### Goal of the exercise
Below is a listing. Write out exactly its lines between the one holding "Bu kapsamda, topladıkları" and the one holding "Dopo aver riposato", inclusive.

### Data provided
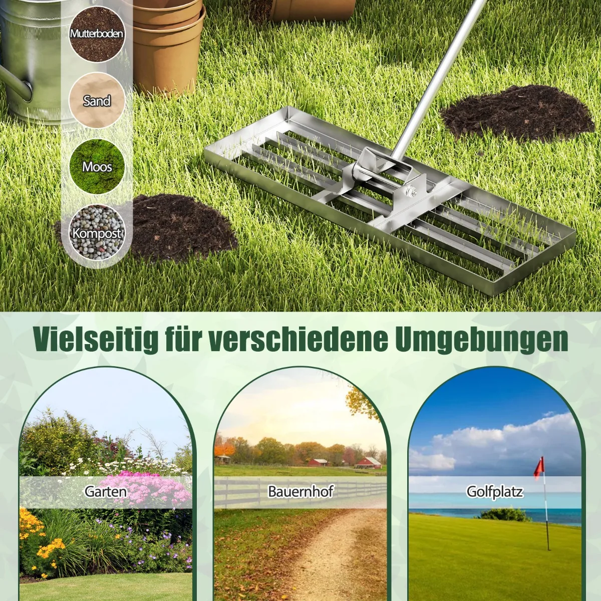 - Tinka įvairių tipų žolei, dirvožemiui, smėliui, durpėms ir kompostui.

---

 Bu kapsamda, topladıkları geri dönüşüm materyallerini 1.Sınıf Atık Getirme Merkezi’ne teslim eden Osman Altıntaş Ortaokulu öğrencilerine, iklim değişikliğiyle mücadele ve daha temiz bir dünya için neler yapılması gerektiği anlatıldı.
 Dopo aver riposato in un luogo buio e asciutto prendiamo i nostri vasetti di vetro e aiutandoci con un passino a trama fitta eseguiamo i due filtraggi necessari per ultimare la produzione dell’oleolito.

### Your response
 Bu kapsamda, topladıkları geri dönüşüm materyallerini 1.Sınıf Atık Getirme Merkezi’ne teslim eden Osman Altıntaş Ortaokulu öğrencilerine, iklim değişikliğiyle mücadele ve daha temiz bir dünya için neler yapılması gerektiği anlatıldı.
 Dopo aver riposato in un luogo buio e asciutto prendiamo i nostri vasetti di vetro e aiutandoci con un passino a trama fitta eseguiamo i due filtraggi necessari per ultimare la produzione dell’oleolito.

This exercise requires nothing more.